The straight blade tapers to a sharp point. It has flat sides and a ridged spine. Both sides show the hairpin laminations that are typical for Tibetan work. This blade has them not only at the tip, but also at the base. It's a design feature that I have come to associate mostly with Eastern Tibet. Blade is nicely preserved, quite straight, very sharp, and with no edge damage.
The hilt mounts are all made of iron, with thick silver overlay. The overlay is so thick and well preserved that at first glance they appear as if made of silver. Close inspection shows the preparatory cross-hatching visible at some of the few spots where the silver was worn about. I've never seen overlay quite this thick and well done on a Tibetan sword.

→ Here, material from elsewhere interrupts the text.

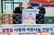 미디어라이프 중부신문 이종인 기자 | 수원특례시 영통구 영통3동은 지난 11일, 다가오는 설 명절을 맞아 관내 취약계층을 위한 이웃나눔 전달식을 진행했다. 이번 전달식은 설 명절을 맞아 경제적 어려움을 겪는 저소득층과 복지사각지대 이웃들이 따뜻한 명절을 보낼 수 있도록 마련됐다. 후원물품은 햄, 라면, 생필품 등 다양한 품목으로 구성됐으며, 관내 취약계층 200여 세대에 전달될 예정이다. 진성원 영통3동 단체협의회장은 “설 명절을 맞아 여러 기관이 뜻을 모아 지역 이웃들을 위한 나눔에 함께 참여했다. 각 기관의 정성이 모인 후원물품이 어려운 이웃들의 생활에 작은 보탬이 되길 바란다”고 전했다. 김인태 영통3동장은 “여러 기관이 함께해 주신 소중한 후원에 깊이 감사드린다. 전달된 후원물품은 도움이 필요한 이웃들에게 전달해 따뜻한 명절을 보낼 수 있도록 하겠다”고 말했다.

The grip is wrapped with silver wire, the pommel adorned with a piece of Mediterranean coral, a prized possession in Tibet of old. At the back of the pommel is a ring for a lanyard. The tang's end is peened over a stack of washers in different metals, another feature that points towards Eastern Tibet.
The guard and ferrule are joined with two little lips that protrude through the guard, and were bent over to secure it. An interesting construction detail that is seen on some Tibetan swords but certainly not all.
The scabbard consists of the typical U-frame, holding two plates of wood that are covered with fabric, black silk velvet in this case. The scabbard mouth fitting is an iron band. Both are chiseled and pierced with decorative designs and overlaid, again with thick silver.
At the end of the scabbard is a gilt copper decorative mount, now tarnished by the underlying alloy. It is worked in repousse with stylized leaf designs.
Viewed from the top it is divided into three sections. It symbolizes the Triratna or "Triple Jewel" with the sections representing the dharma (doctrine), sangha (community), and the Buddha.